# [What is needed]
Starting at the line that contains "После того, как" and stopping after the line that contains "客厅背景墙由米色大面积方形大", transcribe the listing below exactly; do not include any pictures.

# [The data]
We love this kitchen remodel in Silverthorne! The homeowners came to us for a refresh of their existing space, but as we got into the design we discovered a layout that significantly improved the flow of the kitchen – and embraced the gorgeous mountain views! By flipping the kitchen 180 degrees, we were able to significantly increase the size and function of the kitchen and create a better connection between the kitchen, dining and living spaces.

...

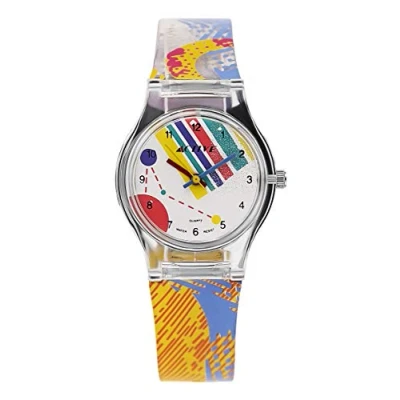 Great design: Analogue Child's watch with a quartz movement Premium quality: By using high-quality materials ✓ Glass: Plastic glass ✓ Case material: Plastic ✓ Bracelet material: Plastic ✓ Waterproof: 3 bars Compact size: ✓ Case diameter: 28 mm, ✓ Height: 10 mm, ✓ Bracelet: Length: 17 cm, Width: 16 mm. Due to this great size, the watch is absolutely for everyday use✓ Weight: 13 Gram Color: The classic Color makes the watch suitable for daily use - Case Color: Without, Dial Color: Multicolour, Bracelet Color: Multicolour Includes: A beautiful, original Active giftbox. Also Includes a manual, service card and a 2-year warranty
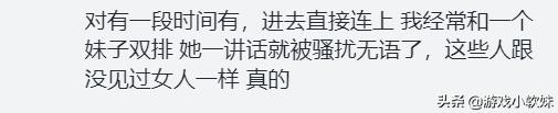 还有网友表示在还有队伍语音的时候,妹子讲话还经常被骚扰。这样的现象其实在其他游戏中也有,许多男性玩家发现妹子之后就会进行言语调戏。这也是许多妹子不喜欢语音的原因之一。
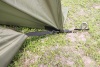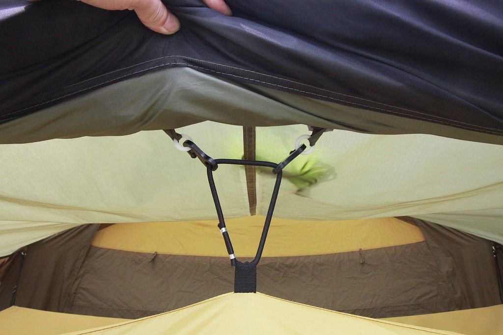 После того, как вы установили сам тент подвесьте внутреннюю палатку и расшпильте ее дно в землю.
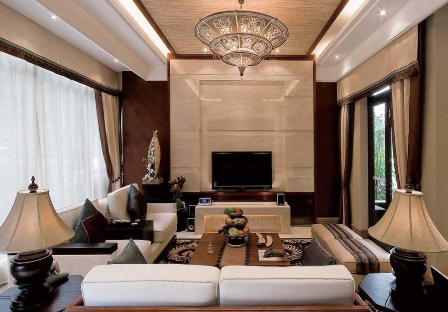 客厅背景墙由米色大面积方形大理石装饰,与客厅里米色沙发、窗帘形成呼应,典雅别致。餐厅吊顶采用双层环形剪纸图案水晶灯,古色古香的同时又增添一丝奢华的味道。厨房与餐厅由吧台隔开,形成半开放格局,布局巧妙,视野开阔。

# [Solution to this problem]
 После того, как вы установили сам тент подвесьте внутреннюю палатку и расшпильте ее дно в землю.
 客厅背景墙由米色大面积方形大理石装饰,与客厅里米色沙发、窗帘形成呼应,典雅别致。餐厅吊顶采用双层环形剪纸图案水晶灯,古色古香的同时又增添一丝奢华的味道。厨房与餐厅由吧台隔开,形成半开放格局,布局巧妙,视野开阔。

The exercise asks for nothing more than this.